USS Bristol County (LST-1198)

Career (United States)
Ordered: 15 July 1966
Builder: National Steel and Shipbuilding Company
Laid down: 13 February 1971
Launched: 4 December 1971
Acquired: 27 July 1972
Commissioned: 5 August 1972
Decommissioned: 29 July 1994
Struck: 29 July 1994
Fate: sold to Morocco, 16 August 1994
Career (Morocco)
Name: BDC Sidi Mohammed Ben Abdellah
Acquired: 16 August 1994
Fate: In service
General characteristics
Class and type: Newport class tank landing ship
Displacement: 5,190 long tons (5,273.3 t) (light),
8,792 long tons (8,933.1 t) (full)
Length: 522 ft (159.1 m) overall, 500 ft (152.4 m) at the waterline.
Beam: 70 ft (21.34 m)
Draft: 19 ft (5.79 m)
Propulsion: 6 diesel engines, 16,000 brake horsepower, two shafts, Twin Controllable Pitch Screws
Bow Thruster - Single Screw, Controllable Pitch,
Speed: 20+ knots (37+ km/h)
Troops: Marine detachment:360 plus 40 surge
Complement: 14 officers, 210 enlisted
Armament: 4 × three-inch/50 caliber guns in two twin-barrel mounts
1 × 20 mm Phalanx CIWS mount.

USS Bristol County (LST-1198) was a United States Navy Newport class tank landing ship.

Bristol County (LST-1198) was named after counties in Massachusetts and Rhode Island.
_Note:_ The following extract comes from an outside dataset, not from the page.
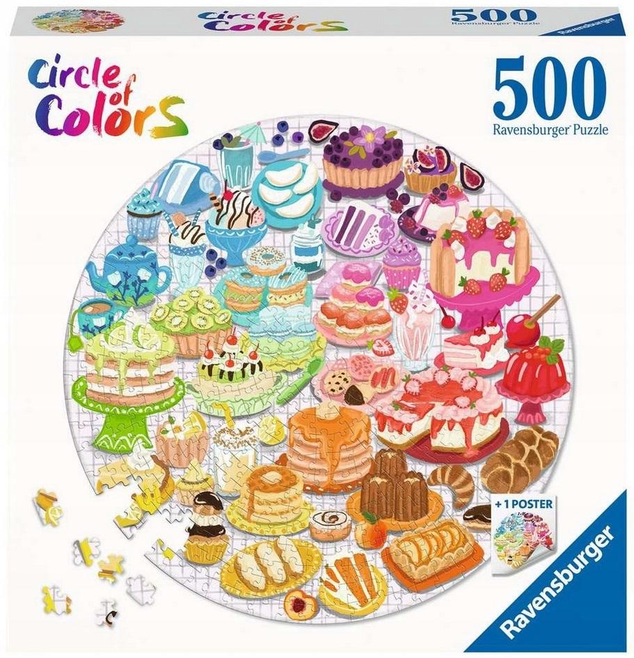 Puzzle 2D: Paleta kolorów 500 elementów dla dorosłych - po ułożeniu mają kształt koła, w którym zamknięto motyw wielokolorowego obrazka.

She was laid down on 13 February 1971 at San Diego, California, by the National Steel and Shipbuilding Company; launched on 4 December 1971; sponsored by Mrs. Robert Lee Town-send; and commissioned on 5 August 1972, Comdr. Donald L. Waggoner in command.
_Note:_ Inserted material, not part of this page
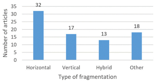 Figure 5 depicts a bar graph showing the number of articles by type of fragmentation. The most used fragmentation in the analyzed works is the horizontal one. The “Other” category shows the number of articles that use a type of fragmentation that is not any of the other three, such as the fragmentation of documents in [82,83,84,85,86,87], fragmentation of videos in [88], grid fragmentation in [95], among others. Of the papers that addressed horizontal fragmentation, 4 also included CBIR ([1,40,41,49]).

Following commissioning, Bristol County was assigned to the Amphibious Force, Pacific Fleet, with the home port of Long Beach. In the years that followed, the tank landing ship alternated amphibious training operations off the west coast of the United States with periodic, sustained deployments to the western Pacific. She maintained this cycle into 1980.
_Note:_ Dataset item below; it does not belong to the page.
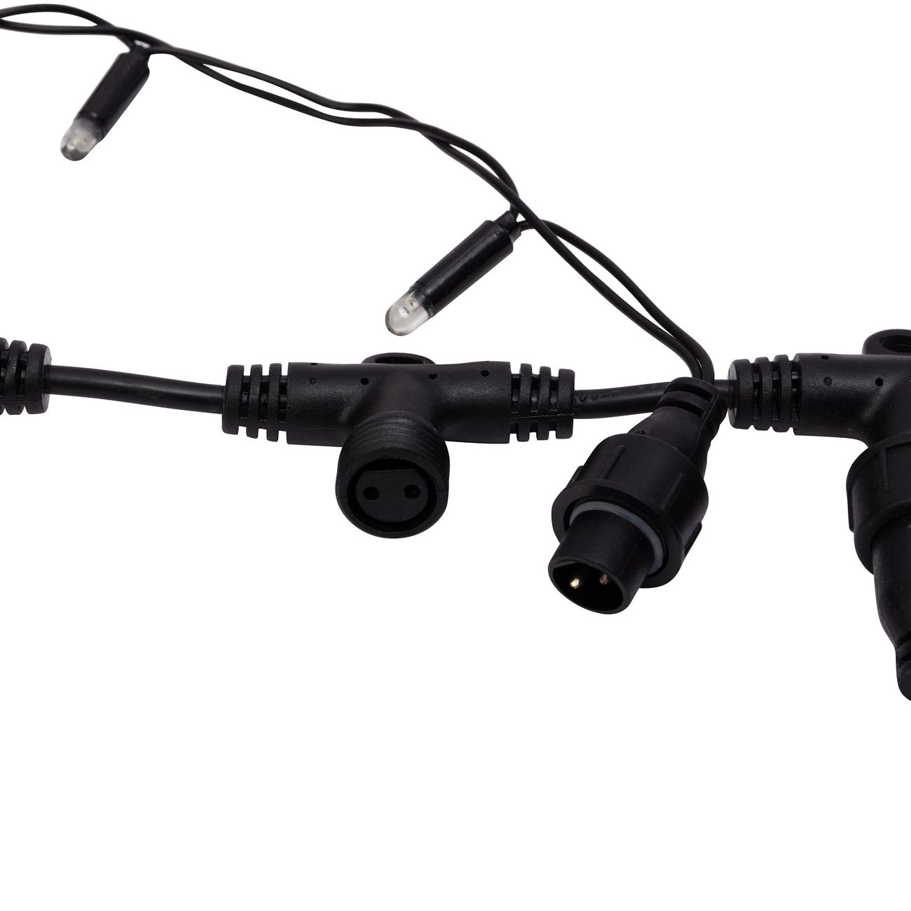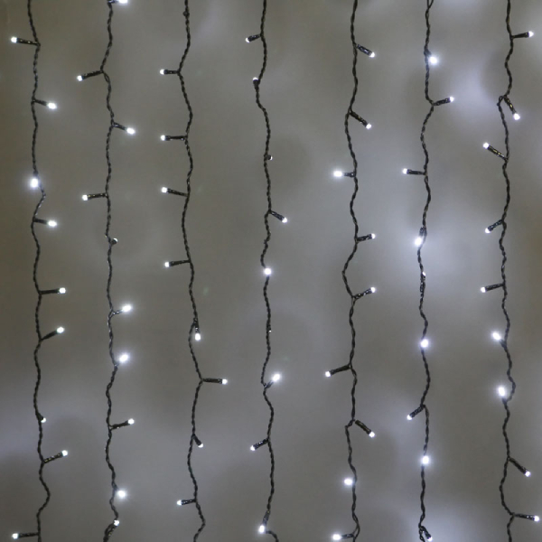 Основа этой модели – гибкий шнур-шина. С него свисают нити со встроенными диодами. Конструкция обладает высокой степенью защиты, что позволяет размещать её на улице. Гирлянде не страшны пыль и вода. С помощью встроенного разъёма и штепселя по краям основного провода вы сможете объединить в одну сеть несколько подобных украшений, чтобы сформировать большое полотно.

At some point between 1980 and 1984 the Bristol County's home port became San Diego's 32nd Steet Naval Station; mooring at the southmost piers 10, 11, 12 and rarely pier 13.

A story was circulated among the engineering crew that during extended operations in severe storm conditions and rough seas in the Gulf of Alaska (before 1984), the hull began to crack on the port side visible on the 3rd deck from the excape trunk of main control. Shoring was used to control any serious flooding.

Fate

Bristol County was decommissioned and struck 29 July 1994 and disposed of through the Security Assistance Program (SAP), transferred, cash sale, ex-US fleet hull foreign military sale case number assigned, to Morocco as BDC Sidi Mohammed Ben Abdellah on 16 August 1994.